William Malherbe French, 1884-1951
Further images
Description
In 1943, Europe was burning. William Malherbe, a Frenchman in self-imposed American exile, carrying the psychological weight of not one global conflict but two, picked up his brush and filled a canvas with poppies. Crimson and rose and magenta, tumbling from a round glass vase on a white-draped table, surrounded by daisies and marigolds and trailing wisps of forget-me-not blue. Malherbe was born in 1884 in Senlis. He began showing work in the capital at eighteen, restless and curious, moving between Cubism, Fauvism and Neo-Impressionism before settling into something that was entirely his own. He counted Renoir and Bonnard among his personal circle. The war did not leave Malherbe intact. Four years of service produced a painter so withdrawn that Time Magazine, encountering him in the aftermath, described him as almost pathologically shy. Yet that same experience gave his art its undertow of hard-won joy. The 1930s brought recognition at the Salon d'Automne and a coveted association with the Galerie Durand-Ruel: the legendary Paris house that had built its reputation by staking everything on the Impressionists at a time when nobody else would.

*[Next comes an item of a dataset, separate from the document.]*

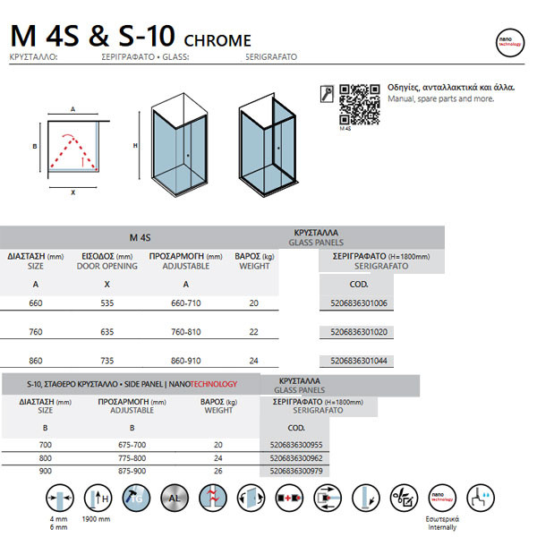 • Η καμπίνα M 4S & S-10 προσφέρεται και σε άλλες διαστάσεις με επιλογή

In 1939, as the Nazis moved across Europe, Malherbe was fifty-five years old. He packed up his life and crossed the Atlantic, settling eventually on a farm in Thetford, Vermont, and spending summers on the working harbour at Gloucester, Massachusetts. He exhibited at the Corcoran Gallery in Washington D.C. to considerable success. Americans, it turned out, were hungry for exactly the kind of luminous, life-saturated painting that Malherbe had spent a lifetime perfecting. A Harmony of Colour belongs to this period, painted four years into his American exile, in the middle of the deadliest conflict the world had ever seen. He returned to France in 1948. Works from his hand now hang in the Musée d'Art Moderne in Paris. But it is paintings like this one - made in obscurity, in a foreign country, in the middle of a catastrophe - that reveal the true measure of the man.